NHS England has launched a formal market engagement process worth up to £110 million, inviting technology suppliers to help design a new generation of digital health services for children. The process signals a significant shift in how the health service intends to manage preventative care for young people, from birth through to adolescence.

At present, child health in England relies on a patchwork of systems. The child health information service, antenatal and newborn screening programmes, and the personal child health record, the paper booklet known as the Red Book that parents are handed at birth, all operate with limited digital integration. NHS England has determined this is no longer fit for purpose.

The programme sits within the Transformation Directorate and brings together products and services used across preventative child health into a single delivery area. The stated goal is not simply to convert paper processes into digital ones, but to rethink how those services function. NHS England has indicated it wants to draw on artificial intelligence and a deeper understanding of health behaviours to support families more proactively, rather than reactively.

In practical terms, this means frontline workers in maternity and health visiting services would be able to record outcomes directly through the NHS App. Parents would have access to a digital version of the Red Book. Data flows between services would be improved so that information follows the child rather than sitting in disconnected records across different parts of the system.

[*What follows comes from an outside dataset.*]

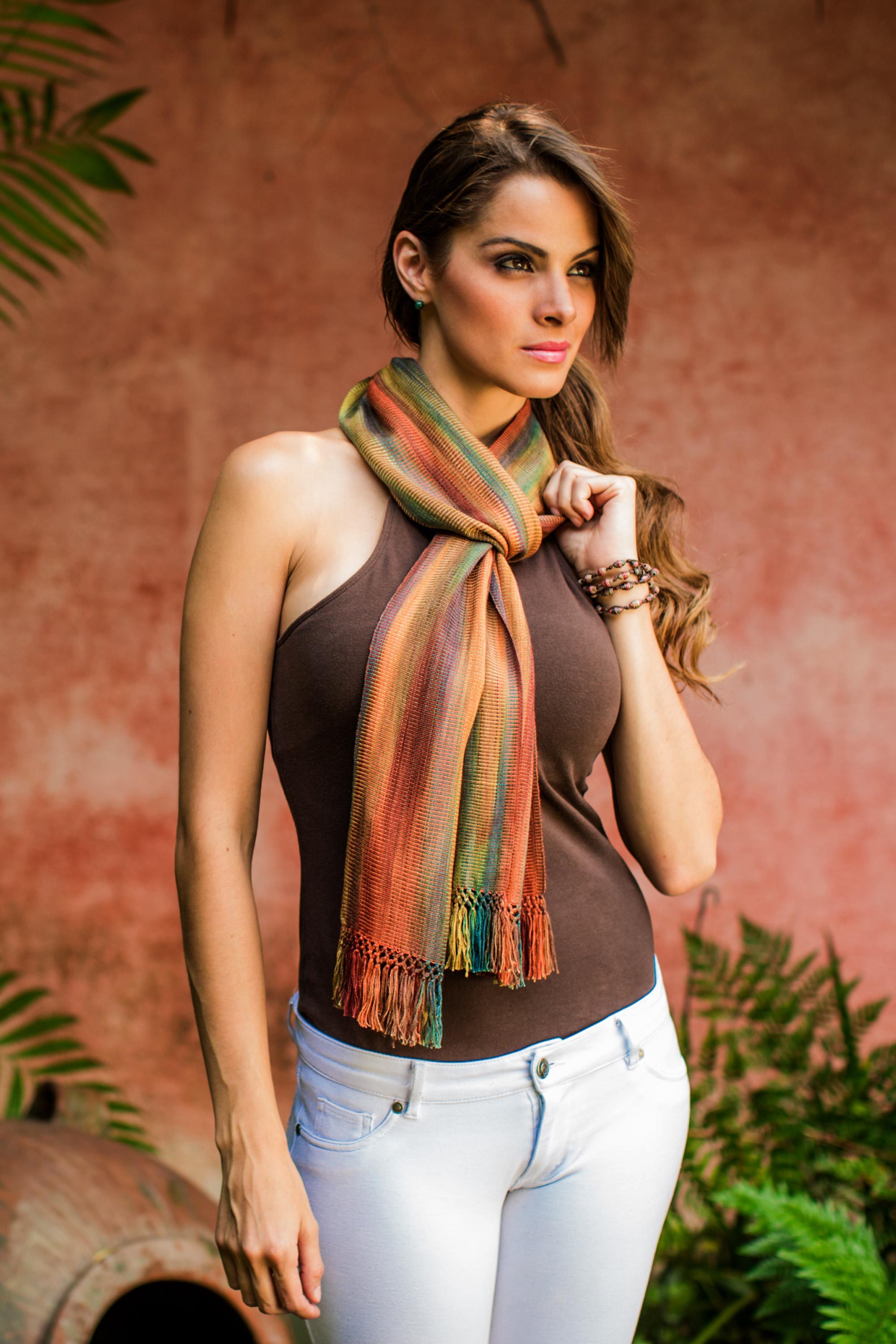 Subtle yet colorful, this bamboo fiber scarf is a perfect accent to your fall wardrobe! By K'amolon K'i K'ojonel, this original piece is hand woven on the traditional backstrap loom. With so many colors, this scarf is sure to fit perfectly into your wardrobe.

The market engagement stage is, by design, exploratory. NHS England wants to establish whether suppliers can actually meet these requirements and what a realistic budget looks like before committing to a formal tender. Interested companies have been asked to complete a request for information document by 6 July 2026. A webinar explaining the programme's aims is scheduled for 16 June. Contract dates are estimated to run from July 2027 to June 2030, with an option to extend to June 2031.

The announcement comes against a backdrop of growing investment in digital services specifically aimed at children and young people across the health service. In the West Midlands, Black Country Healthcare NHS Foundation Trust recently moved to award a contract worth £30,000 to an AI-assisted mental health platform for young people across Dudley, Sandwell, Walsall and Wolverhampton. The service offers more than 150 evidence-based exercises covering anxiety, low mood and behavioural techniques.

Separately, NHS England awarded a five-year contract worth up to £1.5 million to a digital education platform supporting children and young people living with Type 1 and Type 2 diabetes. The platform is designed to be universally available and to promote self-management of the condition.

These individual contracts are modest in scale compared to the £110 million programme, but they reflect a consistent direction of travel. Trusts and commissioners are actively procuring digital tools for children's health where none previously existed, or where paper and telephone-based services have persisted longer than in other parts of the NHS.

Birmingham Women's and Children's NHS Foundation Trust went live with a new electronic patient record system in May last year, following several years of planning. The trust's chief technology officer has described it as a significant step forward in its data infrastructure, and said the focus now shifts to deciding where to go next with that foundation in place.

Whether NHS England's broader ambitions for children's digital health can be realised will depend partly on what this market engagement reveals. The health service has set out a clear vision. The question now is whether the technology sector can respond to it at the scale and cost required.